▶ [Listed entries]:
--- START ---
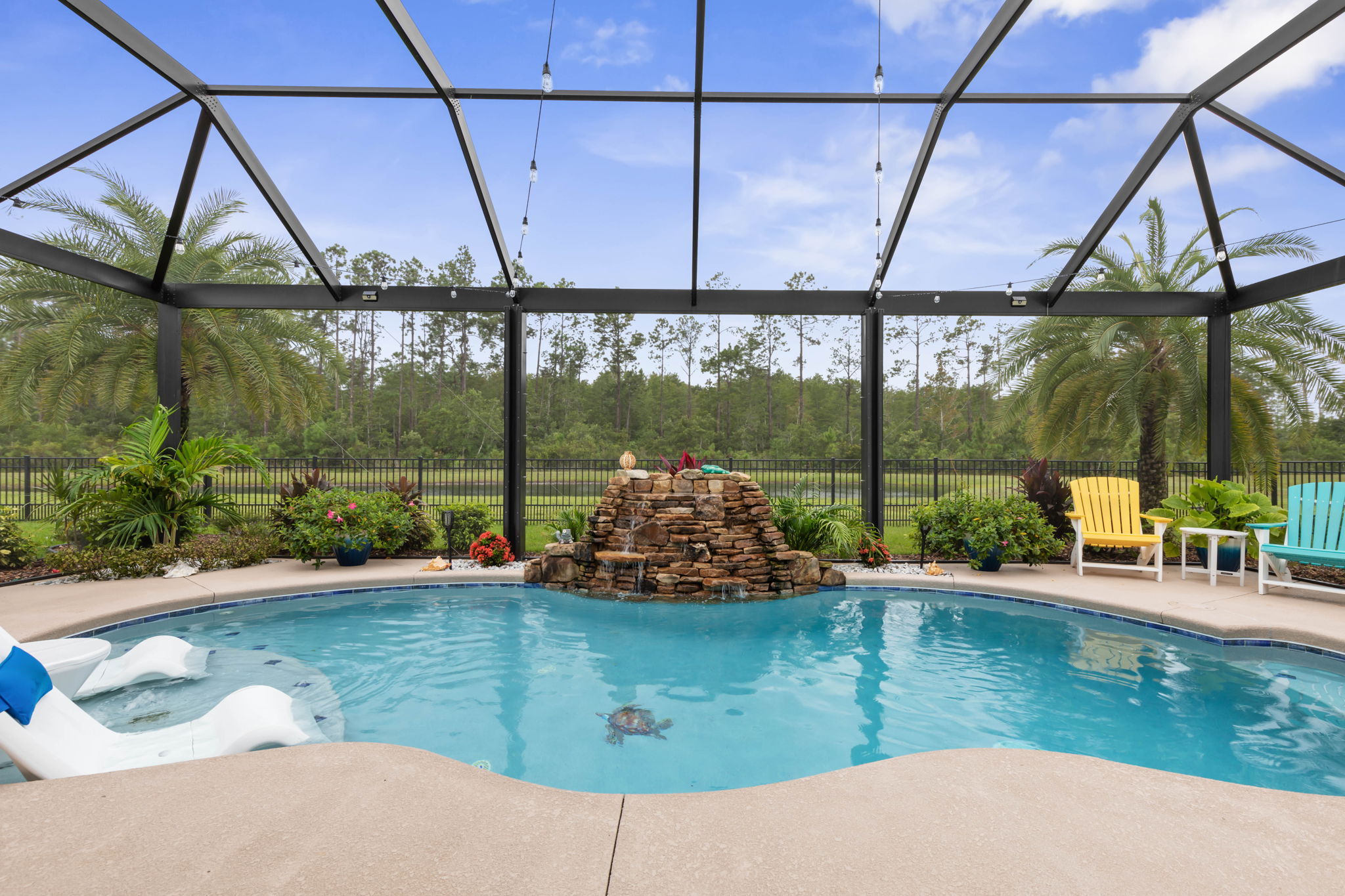 GATED LUXURY IN GRAND LANDINGS! SOAK IN THE SUNSHINE IN THIS CAPTIVATING POOL HOME ON SOUTH COOPERS HAWK! Designed for comfort and style, this 2018 built home combines countless elegant builder upgrades with a host of recent improvements—making it truly 'better than new'. Step inside to a bright, open layout perfect for entertaining or quiet evenings at home. The gourmet kitchen will delight any chef with its oversized granite island, 42-inch cabinets, walk-in pantry, stainless steel appliances, and tasteful backsplash. Spacious living and dining areas flow seamlessly to the true showstopper—your BACKYARD OASIS. This outdoor retreat boasts a SOLAR-HEATED saltwater pool (new pump and salt cell May 2025) with a generous sun shelf, soothing rock waterfall, a built-in umbrella holder and strings of lights perfect for a night time swim. Relax or entertain on the large covered porch, where Clearview Screening perfectly frames the tranquil lake and natural landscape beyond. The expansive primary suite is a private sanctuary, highlighted by extended bay windows that capture serene pool and nature views. Indulge in a double tray ceiling, two walk-in closets, and a spa-inspired bathroom with dual vanities, a gorgeous floor-to-ceiling tiled shower, and a soaking tub—the ultimate space to unwind. The 3 CAR GARAGE provides plenty of space for vehicles, a golf cart, water toys, tools, or even a golf simulator. Additional Features of the Home Include: Fenced-In Yard(added 2024), Irrigation System(added 2025), Freshly Painted in 2024, New Light Fixtures added 2024, Landscape Lighting, Large Laundry Room, Split Floor Plan, Rain Gutters, and so much more! Grand Landings is quickly becoming one of Palm Coast most desirable gated communities and features: NO CDD Fee, Low HOA($100 per month), Golf Cart Friendly, Zero-Entry Community Pool, Fitness Room, Dog Park, Playground, Underground Utilities and Miles of Sidewalks to walk or bike on. Great location: close to schools, shopping, golf courses, hospitals and THE BEACH! Call to schedule a private tour today!
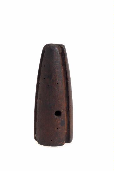 Avlång, konisk topp med fyra längsgående kanaler som repen löper i innan de tvinnas samman. I mitten av toppen är ett hål för handtag (saknas).
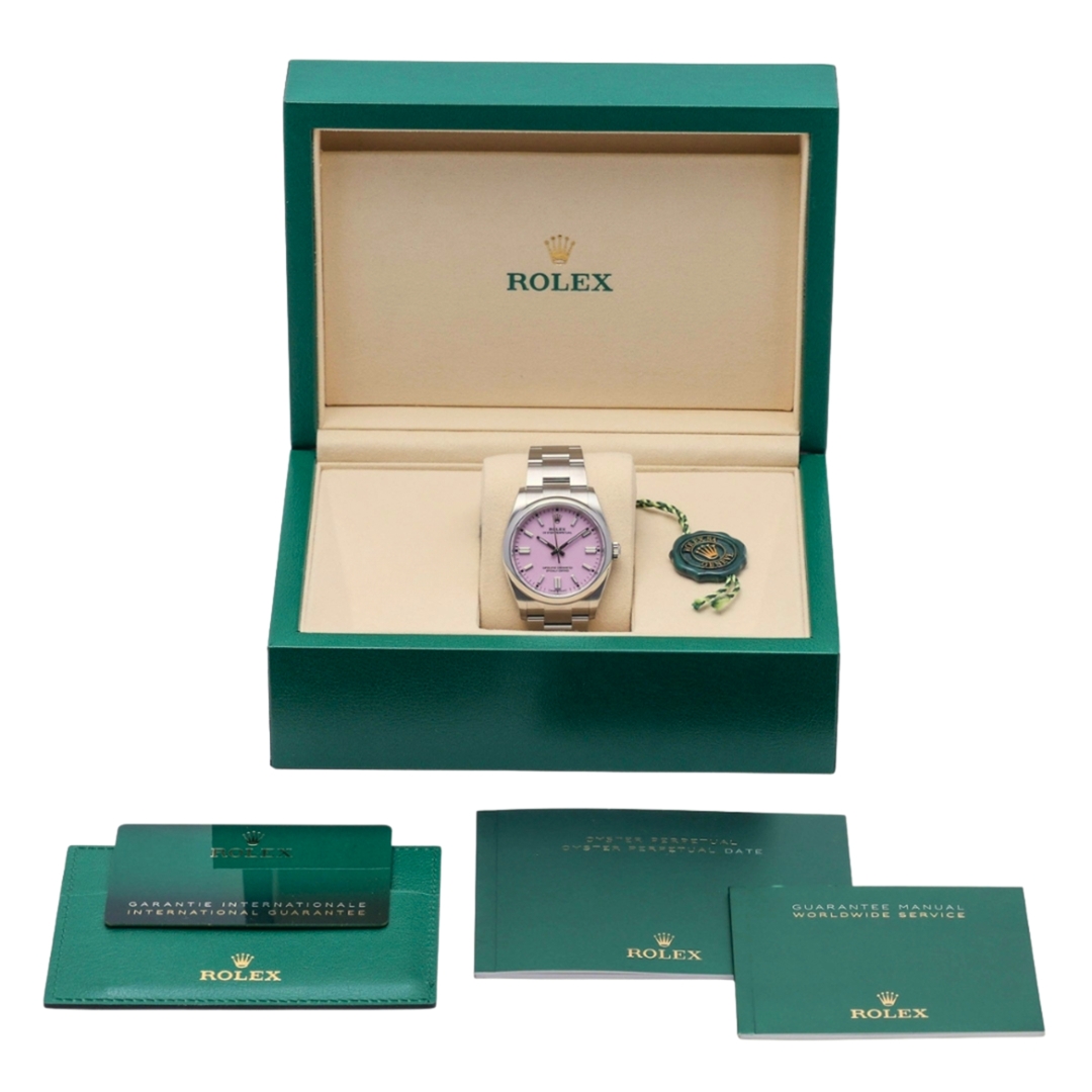 A Rolex Oyster Perpetual 36 126000, presented in a 36mm Oystersteel case, offering a bold yet refined take on Rolex’s classic time-only design. The pink dial delivers a distinctive and contemporary aesthetic, complemented by applied baton hour markers and Chromalight-filled hands for excellent legibility in all conditions. The smooth domed bezel enhances the clean, minimalist profile, reinforcing the timeless appeal of the Oyster Perpetual collection.
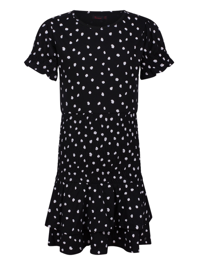 Jurk van Persival. De jurk heeft een all over stippen print en smock details bij de mouwen en de taille. Het jurkje heeft een laagjes rokje. Materiaal: 50% katoen, 50% polyester. Wassen op 30 graden, niet in de droger, niet bleken, kan gestreken worden.
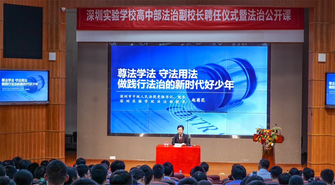 听课活动后,郑秀玉局长参加了深圳实验学校法制副校长聘任仪式,与高中部师生共同见证深圳市中级人民法院党组书记、院长赵菊花同志受聘担任学校法治副校长这一重要时刻。郑局长发表致辞,对赵菊花院长表示感谢和敬意,提出法治教育是立德树人的重要组成部分,是培养具有法治精神、法治素养的新时代接班人的基石。中小学法治副校长制度是贯彻落实习近平法治思想的重要举措,在加强中小学校依法治校、保护师生权益,推进青少年法治教育以及预防未成年人犯罪中发挥了重要作用。期望实验师生能够珍视这次难得的机遇,积极响应、主动参与,借助丰富的司法资源,不断推动法治教育深入校园,融入日常教学之中。随后,郑局长与实验师生共同聆听了赵菊花院长的公开课《尊法、学法、守法、用法,做践行法治的新时代好少年》。
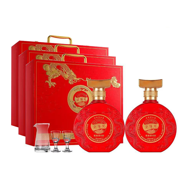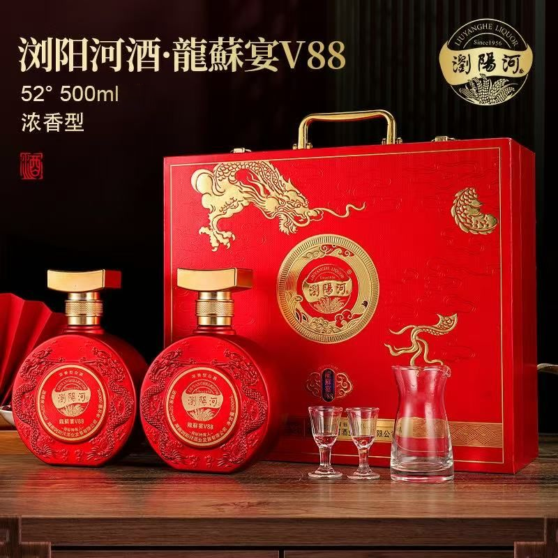 浏阳河龙 苏宴V88 52度 浓香型白酒 匠心匠造 纯粮浓香 500ml*2瓶*3盒 整箱
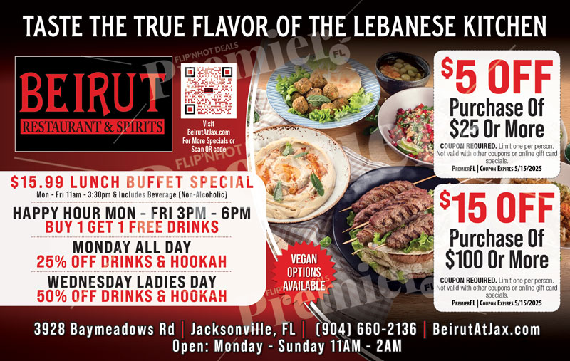 Beirut Restaurant & Spirits brings the true flavor of the Lebanese kitchen to Jacksonville. Located on Baymeadows Road, Beirut offers traditional Middle Eastern cuisine, handcrafted cocktails, hookah, and a vibrant dining atmosphere perfect for lunch, dinner, and late-night gatherings.
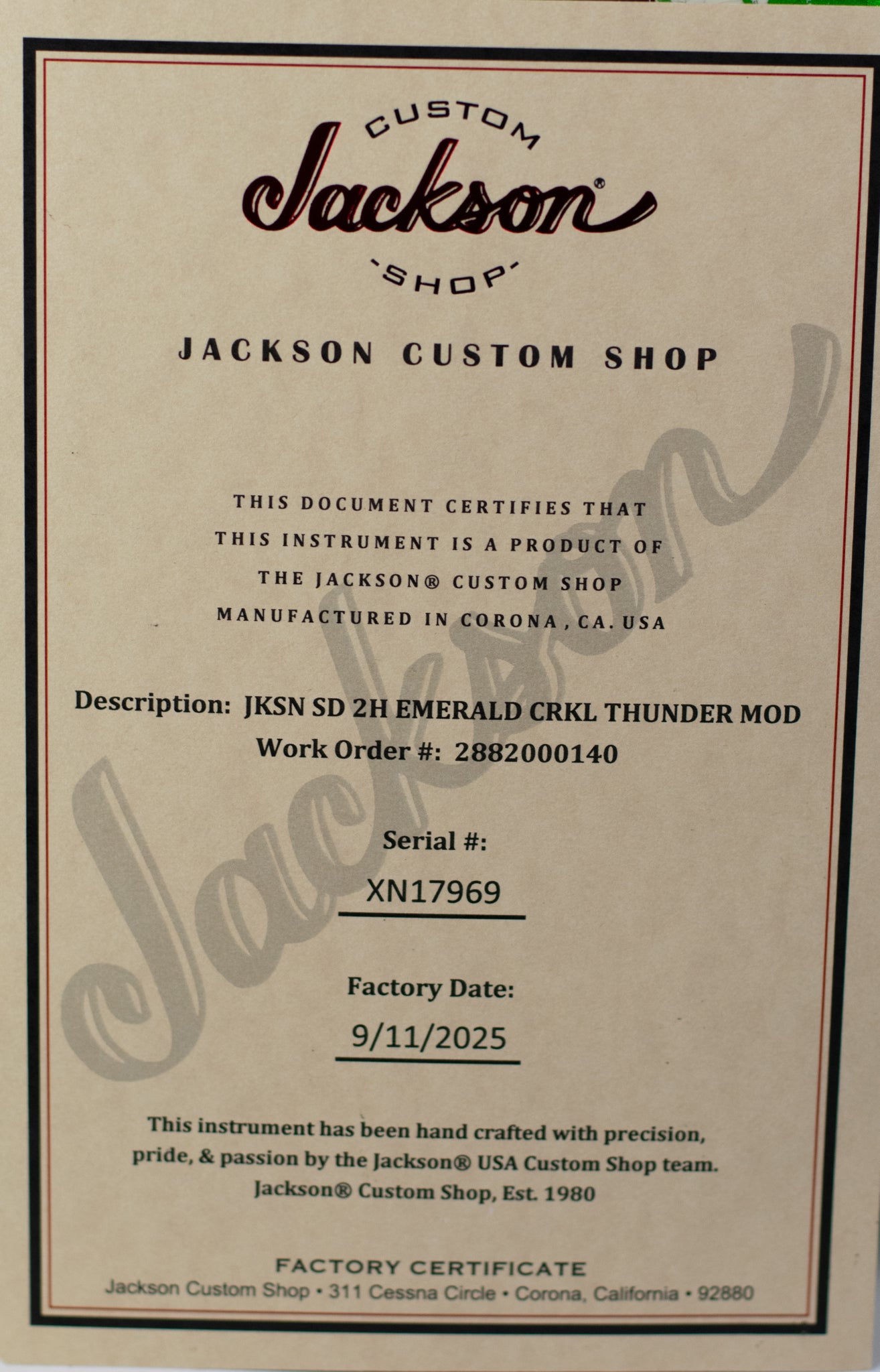 The Jackson Custom Shop Thunder Mod is exclusive to Thunder Road Guitars. A true Pacific Northwest original instrument! See below for more details and specifications.
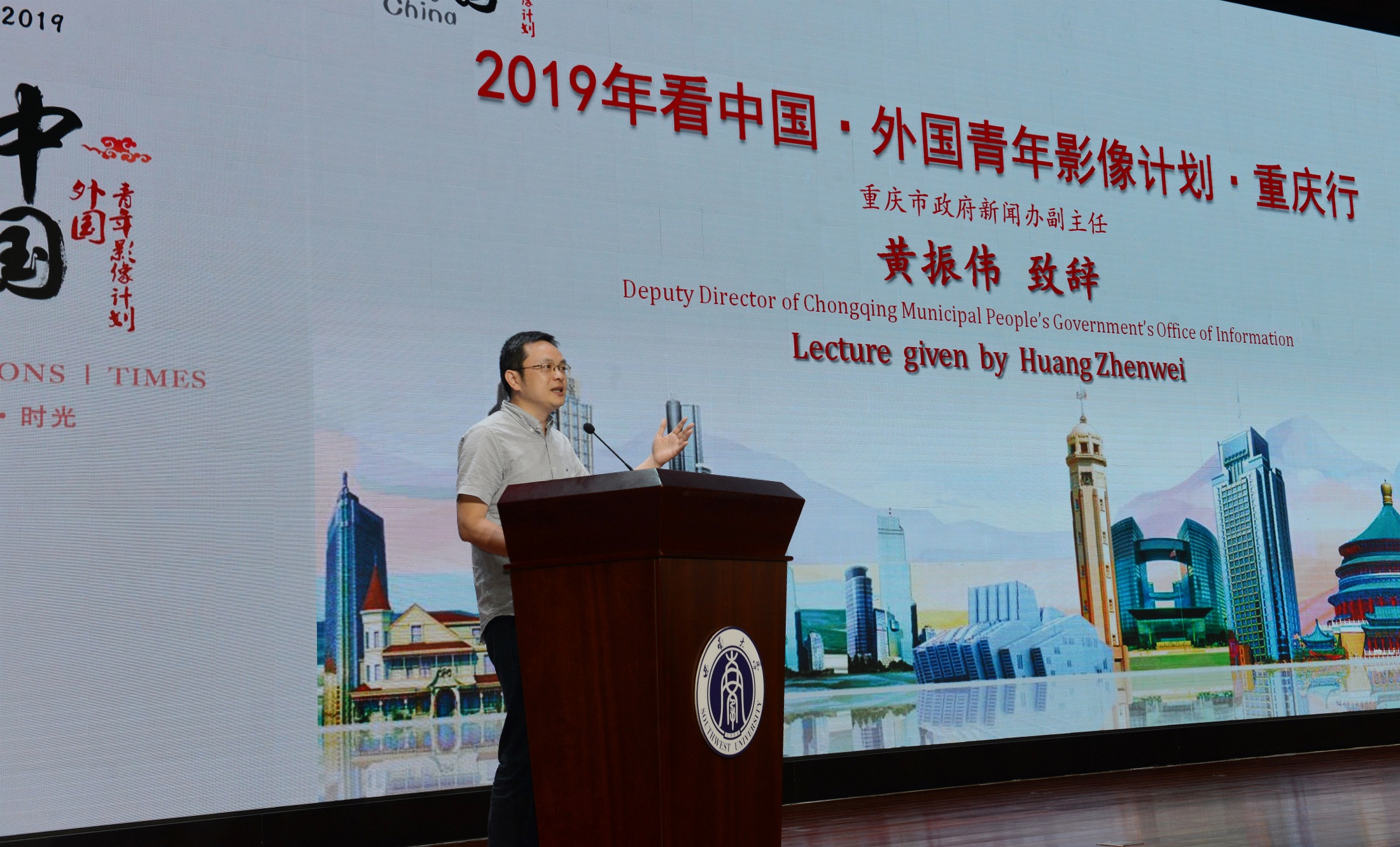 4月24日,2019“看中国•外国青年影像计划”重庆行展映仪式在重庆日报报业集团新闻传媒大厦新闻发布厅举行。学校副校长温涛,重庆市政府新闻办副主任黄振伟,重庆日报报业集团党委委员、重庆晨报总编辑刘长发,中央新闻电影制片厂原厂长、北京师范大学中国文化国际传播研究院执行院长高峰,外方指导教师意大利马切拉塔大学弗朗西斯科•卡赫提纳里教授,重庆国际传播中心主任李志利、总编陈冬艳等出席本次展映仪式。
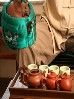 The tea pots are much smaller than typically found in the West, holding just 1-2 cups, or 8 ounces of liquid. Since the clay absorbs some of the tea's essence, different pots are used for different types of tea. The tea pots and cups sit on a special slatted bamboo box to drain and hold the excess liquid that is poured over the tea pots.
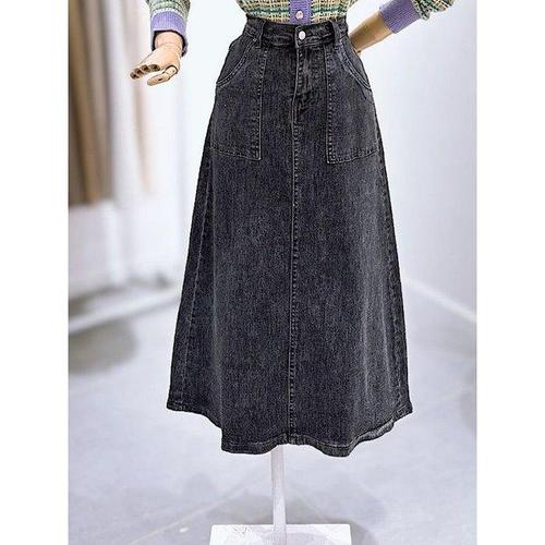 JIEVE 여자 여름 스판 롱 일자 미디 빅사이즈 에이치라인 청치마 데님 스커트 SZ052617
--- END ---
▶ [Work to be completed]: Give the entries again exactly. Pictures stay out.

▶ [Response to the exercise]:
 GATED LUXURY IN GRAND LANDINGS! SOAK IN THE SUNSHINE IN THIS CAPTIVATING POOL HOME ON SOUTH COOPERS HAWK! Designed for comfort and style, this 2018 built home combines countless elegant builder upgrades with a host of recent improvements—making it truly 'better than new'. Step inside to a bright, open layout perfect for entertaining or quiet evenings at home. The gourmet kitchen will delight any chef with its oversized granite island, 42-inch cabinets, walk-in pantry, stainless steel appliances, and tasteful backsplash. Spacious living and dining areas flow seamlessly to the true showstopper—your BACKYARD OASIS. This outdoor retreat boasts a SOLAR-HEATED saltwater pool (new pump and salt cell May 2025) with a generous sun shelf, soothing rock waterfall, a built-in umbrella holder and strings of lights perfect for a night time swim. Relax or entertain on the large covered porch, where Clearview Screening perfectly frames the tranquil lake and natural landscape beyond. The expansive primary suite is a private sanctuary, highlighted by extended bay windows that capture serene pool and nature views. Indulge in a double tray ceiling, two walk-in closets, and a spa-inspired bathroom with dual vanities, a gorgeous floor-to-ceiling tiled shower, and a soaking tub—the ultimate space to unwind. The 3 CAR GARAGE provides plenty of space for vehicles, a golf cart, water toys, tools, or even a golf simulator. Additional Features of the Home Include: Fenced-In Yard(added 2024), Irrigation System(added 2025), Freshly Painted in 2024, New Light Fixtures added 2024, Landscape Lighting, Large Laundry Room, Split Floor Plan, Rain Gutters, and so much more! Grand Landings is quickly becoming one of Palm Coast most desirable gated communities and features: NO CDD Fee, Low HOA($100 per month), Golf Cart Friendly, Zero-Entry Community Pool, Fitness Room, Dog Park, Playground, Underground Utilities and Miles of Sidewalks to walk or bike on. Great location: close to schools, shopping, golf courses, hospitals and THE BEACH! Call to schedule a private tour today!
 Avlång, konisk topp med fyra längsgående kanaler som repen löper i innan de tvinnas samman. I mitten av toppen är ett hål för handtag (saknas).
 A Rolex Oyster Perpetual 36 126000, presented in a 36mm Oystersteel case, offering a bold yet refined take on Rolex’s classic time-only design. The pink dial delivers a distinctive and contemporary aesthetic, complemented by applied baton hour markers and Chromalight-filled hands for excellent legibility in all conditions. The smooth domed bezel enhances the clean, minimalist profile, reinforcing the timeless appeal of the Oyster Perpetual collection.
 Jurk van Persival. De jurk heeft een all over stippen print en smock details bij de mouwen en de taille. Het jurkje heeft een laagjes rokje. Materiaal: 50% katoen, 50% polyester. Wassen op 30 graden, niet in de droger, niet bleken, kan gestreken worden.
 听课活动后,郑秀玉局长参加了深圳实验学校法制副校长聘任仪式,与高中部师生共同见证深圳市中级人民法院党组书记、院长赵菊花同志受聘担任学校法治副校长这一重要时刻。郑局长发表致辞,对赵菊花院长表示感谢和敬意,提出法治教育是立德树人的重要组成部分,是培养具有法治精神、法治素养的新时代接班人的基石。中小学法治副校长制度是贯彻落实习近平法治思想的重要举措,在加强中小学校依法治校、保护师生权益,推进青少年法治教育以及预防未成年人犯罪中发挥了重要作用。期望实验师生能够珍视这次难得的机遇,积极响应、主动参与,借助丰富的司法资源,不断推动法治教育深入校园,融入日常教学之中。随后,郑局长与实验师生共同聆听了赵菊花院长的公开课《尊法、学法、守法、用法,做践行法治的新时代好少年》。
 浏阳河龙 苏宴V88 52度 浓香型白酒 匠心匠造 纯粮浓香 500ml*2瓶*3盒 整箱
 Beirut Restaurant & Spirits brings the true flavor of the Lebanese kitchen to Jacksonville. Located on Baymeadows Road, Beirut offers traditional Middle Eastern cuisine, handcrafted cocktails, hookah, and a vibrant dining atmosphere perfect for lunch, dinner, and late-night gatherings.
 The Jackson Custom Shop Thunder Mod is exclusive to Thunder Road Guitars. A true Pacific Northwest original instrument! See below for more details and specifications.
 4月24日,2019“看中国•外国青年影像计划”重庆行展映仪式在重庆日报报业集团新闻传媒大厦新闻发布厅举行。学校副校长温涛,重庆市政府新闻办副主任黄振伟,重庆日报报业集团党委委员、重庆晨报总编辑刘长发,中央新闻电影制片厂原厂长、北京师范大学中国文化国际传播研究院执行院长高峰,外方指导教师意大利马切拉塔大学弗朗西斯科•卡赫提纳里教授,重庆国际传播中心主任李志利、总编陈冬艳等出席本次展映仪式。
 The tea pots are much smaller than typically found in the West, holding just 1-2 cups, or 8 ounces of liquid. Since the clay absorbs some of the tea's essence, different pots are used for different types of tea. The tea pots and cups sit on a special slatted bamboo box to drain and hold the excess liquid that is poured over the tea pots.
 JIEVE 여자 여름 스판 롱 일자 미디 빅사이즈 에이치라인 청치마 데님 스커트 SZ052617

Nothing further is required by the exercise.